START DATA PROVIDED

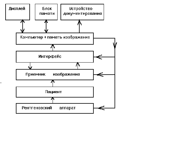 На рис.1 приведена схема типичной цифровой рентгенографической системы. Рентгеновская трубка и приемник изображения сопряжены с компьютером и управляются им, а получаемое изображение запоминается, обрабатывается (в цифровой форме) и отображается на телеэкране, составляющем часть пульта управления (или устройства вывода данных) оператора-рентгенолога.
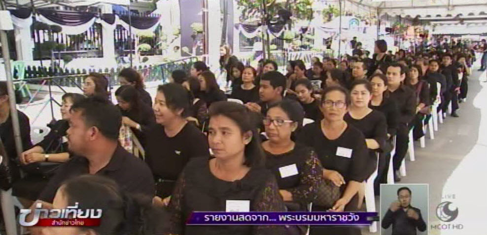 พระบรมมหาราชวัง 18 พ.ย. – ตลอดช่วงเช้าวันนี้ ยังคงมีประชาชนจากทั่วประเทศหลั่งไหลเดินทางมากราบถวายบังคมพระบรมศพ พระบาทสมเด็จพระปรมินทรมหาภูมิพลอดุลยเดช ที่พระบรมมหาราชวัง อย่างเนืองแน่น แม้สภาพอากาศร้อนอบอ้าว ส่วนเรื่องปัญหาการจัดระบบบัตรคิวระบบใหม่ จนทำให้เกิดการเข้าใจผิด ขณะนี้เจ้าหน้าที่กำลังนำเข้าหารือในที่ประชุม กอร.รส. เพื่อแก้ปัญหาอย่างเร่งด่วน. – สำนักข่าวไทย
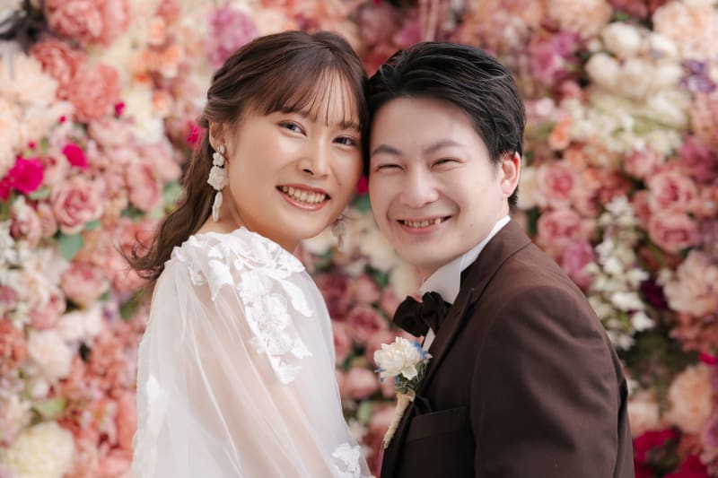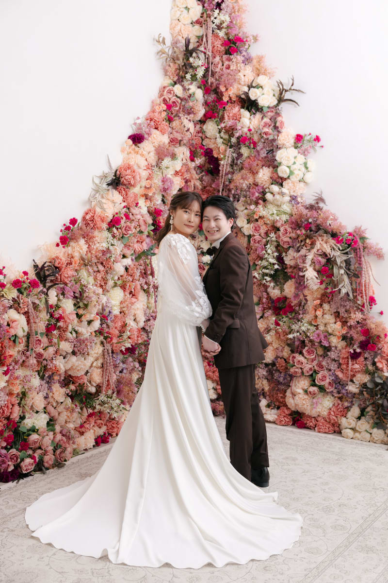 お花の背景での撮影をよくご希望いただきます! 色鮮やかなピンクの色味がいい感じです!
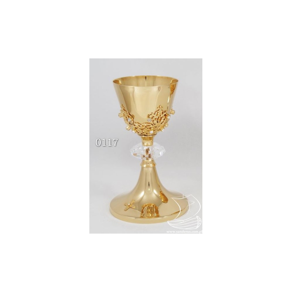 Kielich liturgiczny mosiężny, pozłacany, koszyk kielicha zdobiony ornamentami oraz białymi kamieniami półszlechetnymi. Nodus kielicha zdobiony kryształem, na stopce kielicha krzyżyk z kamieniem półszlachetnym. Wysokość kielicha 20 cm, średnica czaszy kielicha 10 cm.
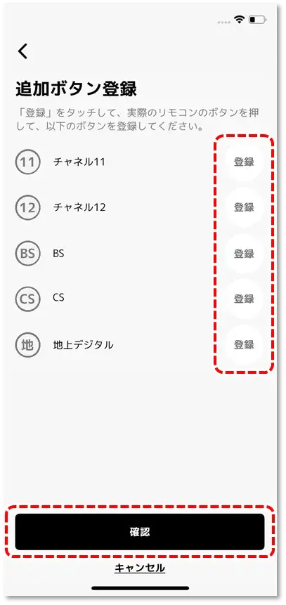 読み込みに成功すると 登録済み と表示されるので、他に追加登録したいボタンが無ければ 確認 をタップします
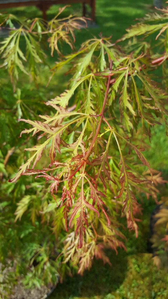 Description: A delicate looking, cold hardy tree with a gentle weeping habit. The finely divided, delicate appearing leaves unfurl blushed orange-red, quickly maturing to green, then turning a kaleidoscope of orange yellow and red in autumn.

END DATA PROVIDED

→ **TASK TO CARRY OUT**: Quote precisely the lines of the data from the line containing "読み込みに成功すると 登録済み と表示されるので、他に追加登録したいボタンが無ければ" through its final line, both included, excluding pictures.

→ **ANSWER TO THE EXERCISE**:
 読み込みに成功すると 登録済み と表示されるので、他に追加登録したいボタンが無ければ 確認 をタップします
 Description: A delicate looking, cold hardy tree with a gentle weeping habit. The finely divided, delicate appearing leaves unfurl blushed orange-red, quickly maturing to green, then turning a kaleidoscope of orange yellow and red in autumn.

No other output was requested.